Wednesday saw a flurry of press speculation about the possibility of Jeremy Hunt abolishing or reforming the tax reliefs available to non-domiciled individuals at next week's budget (6 March). 

First of all, many of those news reports are vague (or positively misleading) as to what a "non-dom" is and how they are taxed. For a more accurate summary we have an explanation here: An introduction to Residence and Domicile ( This also has more detail about the remittance basis which, along with preferential inheritance tax treatment, is one of the main tax benefits associated with being non-UK domiciled. 

The big question is of course “will this actually happen?" and the short answer is “possibly but on balance we think it is unlikely”.  It is common practice for a Government to float various eye-catching tax policies before budgets and mini-budgets, generate a lot of headlines and then do something completely different. The November 2023 Autumn Statement is a recent example of this (with lots of noise about scrapping inheritance tax and then nothing of the sort). 

But let's assume for the sake of argument that changes are made. What could this mean in practice? 

Dates are important here and we think it likely that any changes would be effective from either 6 April 2024 or 6 April 2025 rather than from the date of the budget next week. Changing a person's tax status part of the way through a tax year is administratively more complicated and open to additional challenges of unfairness which we suspect the Government would want to avoid. 

Secondly, any changes are likely to be adjustments to the current regime rather than wholesale reform (simply because adjustments are simpler to implement in the time available). Currently most non-domiciled individuals can be tax resident in the UK for up to 15 years before becoming “deemed domiciled" (at which point they lose most of the tax benefits associated with being non-UK domiciled). However, between years 8 and 15 they have to pay a flat fee, known as the “remittance basis charge” (either £30,000 or £60,000 depending on the length of stay), to benefit from some of the key income tax and capital gains tax reliefs. The simplest, and therefore probably most likely, options available to the Chancellor would be to reduce the number of years of tax residence required to become deemed domiciled and/or increase the remittance basis charge. Changes to the taxation of trusts settled by non-doms would be much more complicated and so appear less likely (at least between now and 6 April 2024). 

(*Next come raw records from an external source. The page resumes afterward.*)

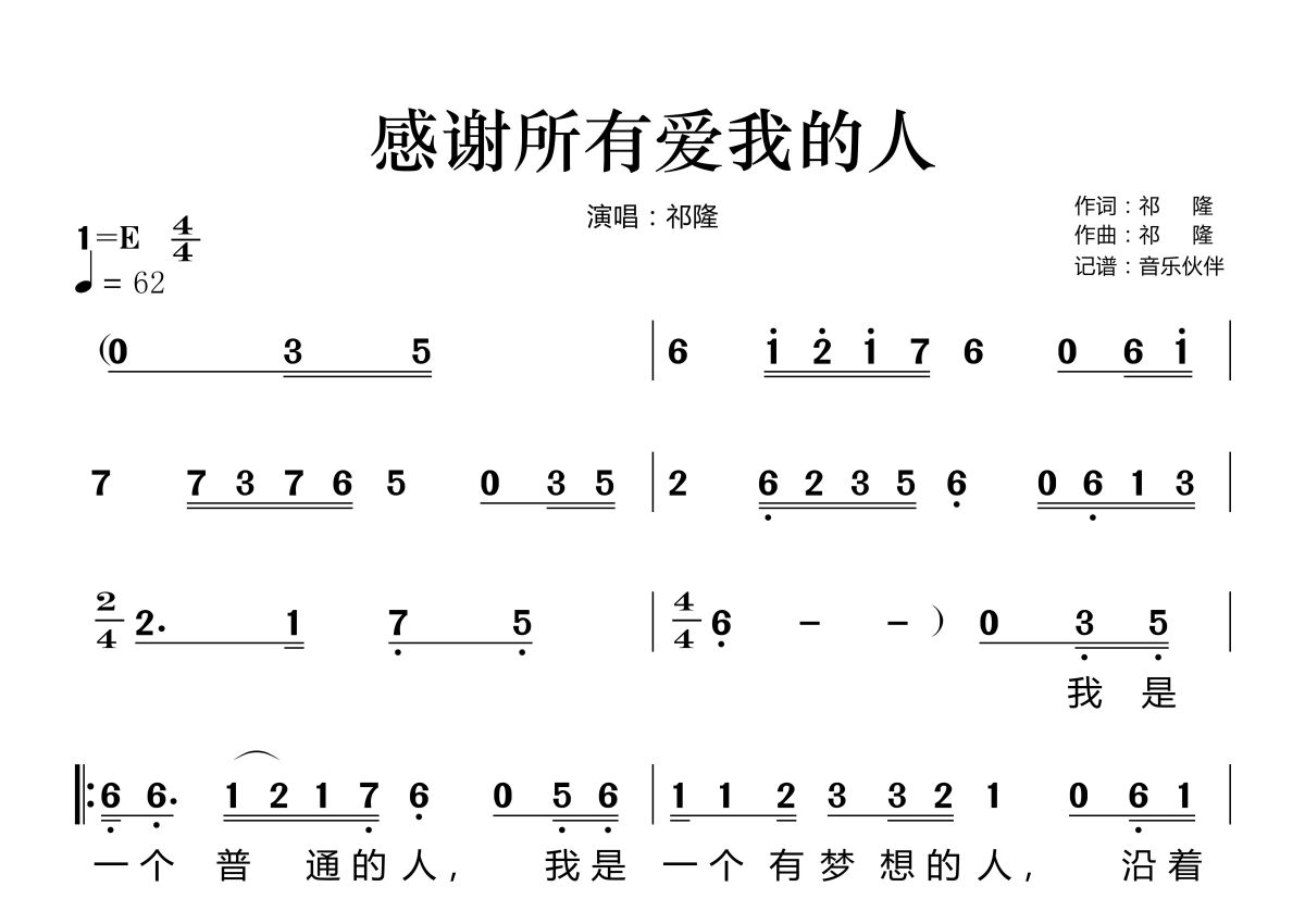 《感谢所有爱我的人》是祁隆演唱的一首歌曲,拍号为4/4拍,歌曲速度为每分钟62拍,这份简谱共有三张高清图谱,图谱由 @音乐伙伴 编配上传。
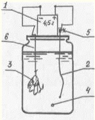 Рис. 7. С помощью батареи (1) напряжением 4,5 вольта от карманного фонаря (например 3336Л по ГОСТ 2583 — 79 емкостью 2,5 ампер-часа) производится электрохимическое осаждение серебра толщиной до 0,1 мкм. Анодом (2) служит чайная ложка из нержавеющей стали. Отношение площадей анода и катода (3) (крючков) 4:1. При обработке крючков № 7–9 (площадь 0,01 дм2) их количество составит 25 шт. Если это тройники, то 8 штук. При этом время процесса до истощения батареи 20 часов. Необходимая температура раствора 20–22 °C поддерживается постоянной, если литровую банку (4) держать на батарее водяного отопления. Крючки подвешивают на проволоке (6) диаметром 0,5 мм. В ложке просверливают отверстие диаметром 3,5 мм для подключения проводника с помощью винта мЗх10 (5) (от неисправного электропатрона). С помощью данного процесса, доступного в домашних условиях, возможно серебрение и других деталей рыболовной оснастки. Блесна серебряная…Надежно серебрит блесну оловянная амальгама. Состав должен состоять из 65 весовых частей олова и 35 — ртути. Последняя подойдет из разбившегося медицинского градусника. Помните — пары ртути ядовиты, оберегайте от них дыхание. Процесс заключается в следующем. В расплавленное олово (сосуд из алюминия, меди и других цветных металлов непригоден), не снимая с огня, вливают ртуть и быстро перемешивают деревянной лопаткой, только не смолистой. Получившуюся массу остужают, сушат, дробят и, наконец, растирают в фарфоровой либо металлической чашке в порошок. Затем смешивают с 26–27 весовыми частями талька и 5–8 — какой-нибудь кристаллической, тоже тщательно растертой, кислоты, например лимонной, щавелевой, винной. Состав наносят на поверхность медной, латунной или бронзовой блесны и растирают, после чего хорошо промывают. Если в составе отсутствует кислота, то блесну, прежде чем натирать, смазывают соком кислой травы или ягоды (щавеля, клюквы и т. д.). Состав не обладает едким свойством, не разлагается на свету. Вместо олова можно воспользоваться третником или свинцом, но тогда блесна не будет такой светлой. …И двухцветнаяДвухцветные блесны делают так. Блесну полируют, а затем одну из сторон, подлежащую серебрению, обезжиривают и натирают зубным порошком. Подготовленную блесну опускают на 5–6 часов в отработанный фиксаж. Обезжиренная сторона блесны становится серебряной, а вторая — золотистой, если это красная медь, либо желтой, если латунь. Легкий якорьДля его изготовления потребуется металлическая пластинка толщиной 4–5 мм, шириной 30 мм, длиной 100 мм. Концы пластины делают острыми, в центре ее просверливают отверстие диаметром 9 мм. На конце стержня нарезают резьбу, с противоположной стороны приваривают кольцо для шнура (рис. 8).
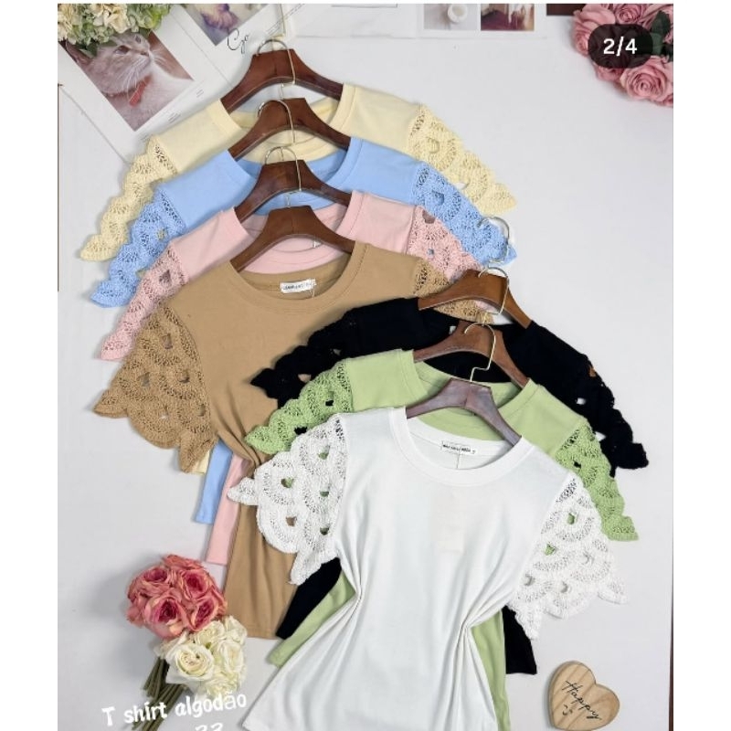 Blusa feminina de algodão/ Manga crochê / Confortável
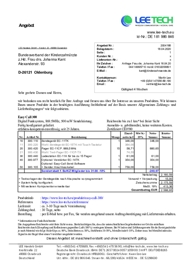 4. Für Praxen, deren Räumlichkeiten (wie bei Annemarie leider auch) recht beengt sind und im Wartezimmer bzw. in der Anmeldung der Platz nicht ausreicht, einen Sicherheitsabstand zwischen allen Patienten zu gewähren haben wir einen Tipp: hier kann ein Pager System eine Lösung sein. Wir haben die Kosten dafür recherchiert und ein Angebot für die Mitglieder unseres Verbandes bekommen. Dieses findet ihr im Anhang.
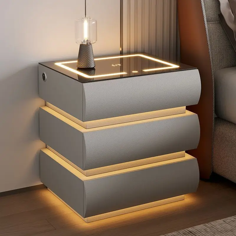 Smart Nightstand Bluetooth Speaker Wireless Charging RGB Mood Lamp Password Lock Modern Minimalist Wooden Bedside Cabinet $402.28
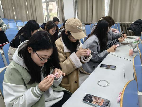 下午2:00,活动在《学习雷锋好榜样》的旋律中拉开序幕。团支部书记吴明涵通过展示新时代楷模事迹、雷锋事迹等资料,引导支部成员思考当代青年如何传承雷锋精神。在手工制作环节,支部成员分成不同小组,用皱纹纸、铁丝等材料精心制作玫瑰花束。花瓣要一层层包裹才有层次感,团支部成员张文雨边示范边讲解,她将折纸经验与对劳动者的敬意融入每片花瓣的褶皱中。经过两小时的学习与协作,30多支形态各异的褶皱手工玫瑰在课桌上绽放出春日的绚烂。

If the time taken to become deemed domiciled was reduced and the changes were to take effect from 6 April 2024 it is quite probable that there would be some form of rebasing of non-UK situated assets for capital gains tax purposes. Without rebasing anyone who would become deemed domiciled as a result of new rules on 6 April 2024 would be incentivised to realise as many gains on non-UK assets as possible between now and then. Whether any relief would be as generous as the rule used in 2017 (which left some taxpayers much better off than they would have been without the changes) is debatable but we think that something would be done to avoid a cliff-edge result for gains.

It is also possible, although by no means certain, that other “sweeteners” could be offered to non-doms to try and persuade them to stay in the UK even if the remittance basis changes. In 2017 this was the introduction of protected trusts. 

As for what non-domiciled individuals should be doing in response to this news, we think that most can sensibly wait and see what is actually announced on March 6th. Taking drastic steps between now and then runs a high risk of actually making matters worse (e.g. because there are no changes and time and money are wasted or because someone loses the ability to benefit from transitional reliefs) and we think that taxpayers are likely to have until 6 April 2024, at least, to put their house in order should they need to.